TITLE 8 SOCIAL
SERVICES
CHAPTER 310 HEALTH
CARE PROFESSIONAL SERVICES
PART 12 INDIAN
HEALTH SERVICE AND TRIBAL 638 FACILITIES
8.310.12.1 ISSUING
AGENCY: New Mexico Health Care Authority.
[8.310.12.1 NMAC -
N, 11/1/2014; A, 7/1/2024]
8.310.12.2 SCOPE: This rule applies to the general public.
[8.310.12.2 NMAC -
N, 11/1/2014]
8.310.12.3 STATUTORY
AUTHORITY: The New Mexico medicaid program and other
health care programs are administered pursuant to regulations promulgated by
the federal department of health and human services under Title XIX of the
Social Security Act as amended or by state statute. See Section 27-2-12 et seq. NMSA 1978. Section 9-8-1 et seq.
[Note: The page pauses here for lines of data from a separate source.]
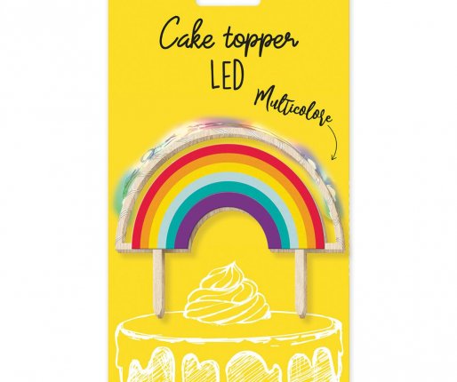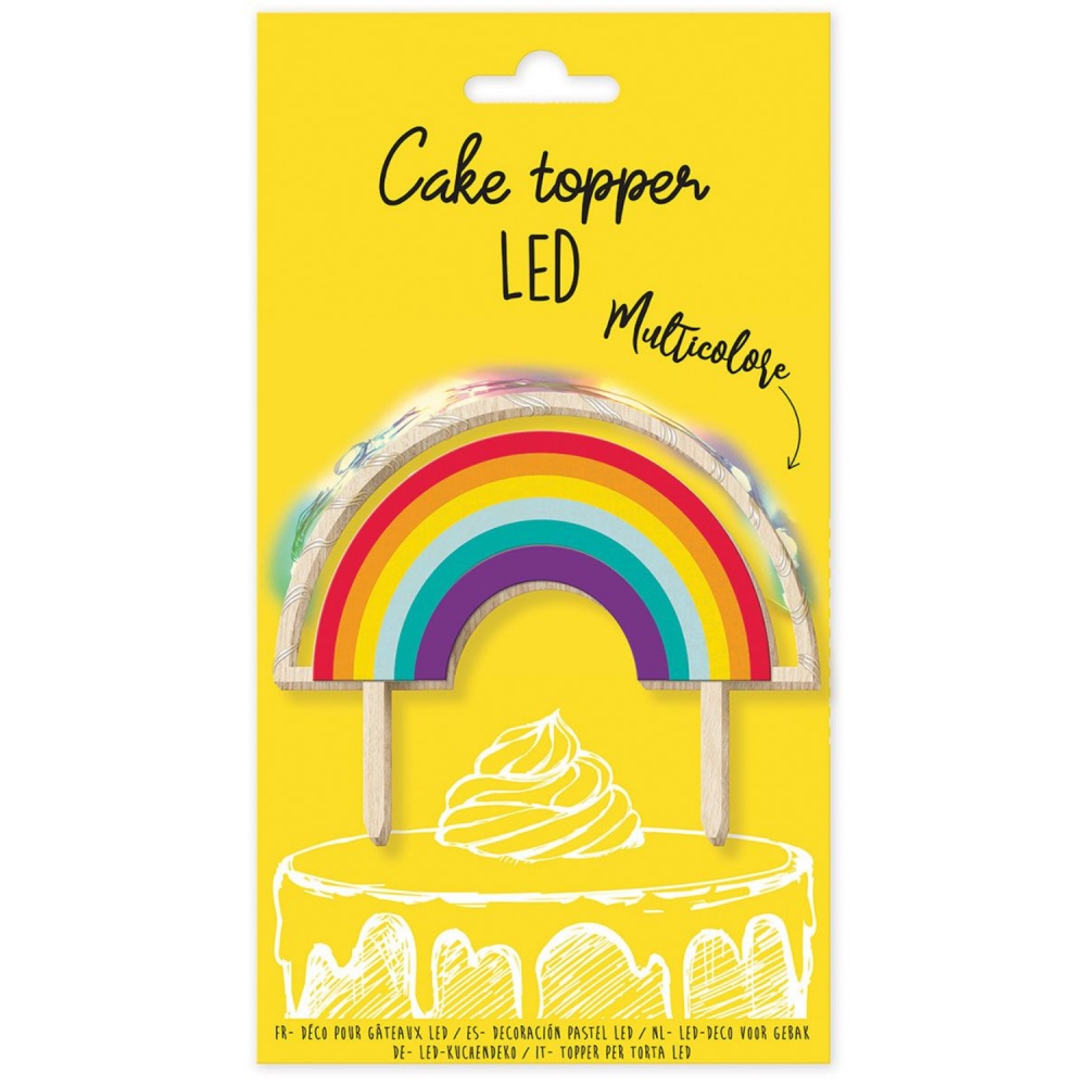 Toper za torto sestavlja topel lesen dizajn mavrice obdan z nežnimi pisanimi led lučkami.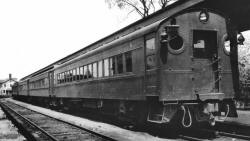 Look for the mail compartment on the two MBM62's, and that will tell you whether it's a MBM62 or a straight MB62. The MB62's have two windows between the doors and a small window at each end of the car. It's a different look for the MBM62's, a fascinating car and almost as unique as the second car in this consist, an MPBM54. The second car is a Motorized Passenger Baggage Mail MPBM5 car and both sides of the car are a little different in the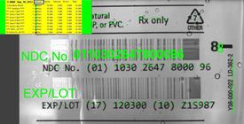 OCV inspection of over 360 characters text on IV Bag with fully filled solution, within 330 mili seconds. This first of a kind solution utilizes the theory of probability to properly inspect text covered with fluid bubbles.

NMSA 1978 establishes the
health care authority (HCA) as a single, unified department to administer laws
and exercise functions relating to health care facility licensure and health
care purchasing and regulation.
[8.310.12.3 NMAC -
N, 11/1/2014; A, 7/1/2024]
8.310.12.4 DURATION: Permanent.
[8.310.12.4 NMAC -
N, 11/1/2014]
8.310.12.5 EFFECTIVE
DATE: November 1, 2014, unless a later date is
cited at the end of a section.
[8.310.12.5 NMAC -
N, 11/1/2014]
8.310.12.6 OBJECTIVE: The objective of these rules is to provide
instruction for the service portion of the New Mexico medical assistance
programs (MAP).
[8.310.12.6 NMAC -
N, 11/1/2014]
8.310.12.7 DEFINITIONS: [RESERVED]
8.310.12.8 MISSION
STATEMENT: To reduce the impact of poverty on people
living in New Mexico by providing support services that help families break the
cycle of dependency on public assistance.
[8.310.12.8 NMAC -
N, 11/1/2014]
8.310.12.9 INDIAN
HEALTH SERVICE AND TRIBAL 638 FACILITIES:
HSD, through the medical assistance division (MAD), pays for medically
necessary health services furnished to an eligible recipient, including
American Indian and Alaska native (AI/AN) eligible recipients. The Indian health service (IHS) is a federal
agency within the United States department of health and human services (DHHS)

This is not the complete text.